• [Work request]
Go to the line holding "Eterna x Unieke" in the data below and repeat it exactly, then each line after it up to and including the one holding "A complex melt". Omit pictures.

• [Source material]
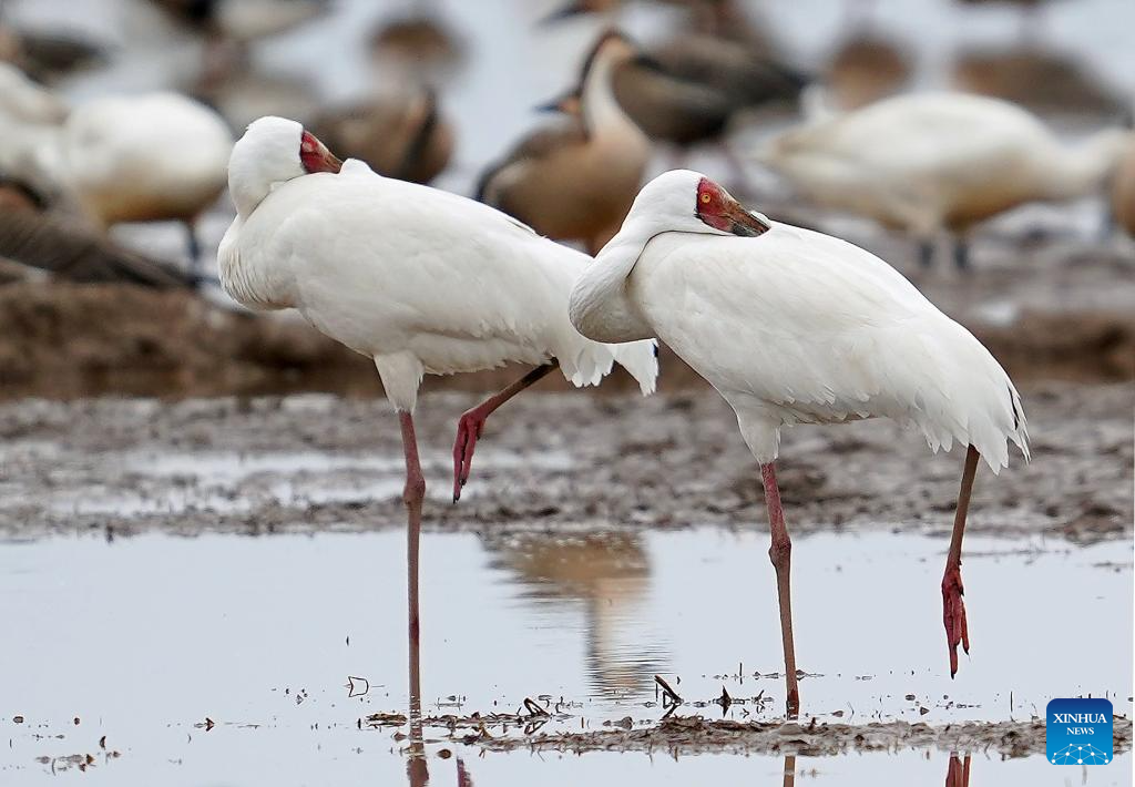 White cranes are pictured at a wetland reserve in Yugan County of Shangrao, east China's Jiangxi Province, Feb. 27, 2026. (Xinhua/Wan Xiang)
...
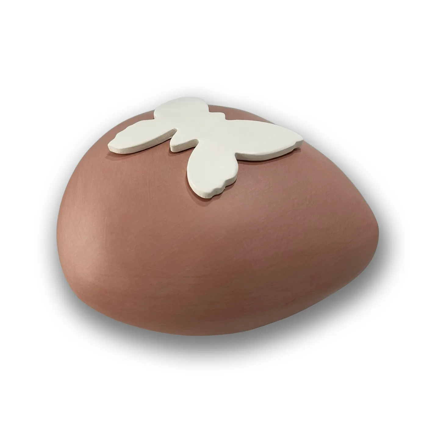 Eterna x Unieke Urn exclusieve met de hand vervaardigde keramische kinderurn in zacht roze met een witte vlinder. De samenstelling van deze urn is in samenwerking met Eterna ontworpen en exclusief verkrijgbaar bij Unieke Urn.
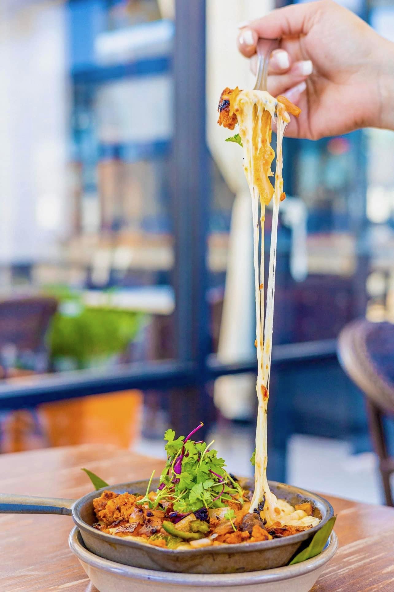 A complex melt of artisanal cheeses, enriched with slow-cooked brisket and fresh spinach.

• [Solution]
 Eterna x Unieke Urn exclusieve met de hand vervaardigde keramische kinderurn in zacht roze met een witte vlinder. De samenstelling van deze urn is in samenwerking met Eterna ontworpen en exclusief verkrijgbaar bij Unieke Urn.
 A complex melt of artisanal cheeses, enriched with slow-cooked brisket and fresh spinach.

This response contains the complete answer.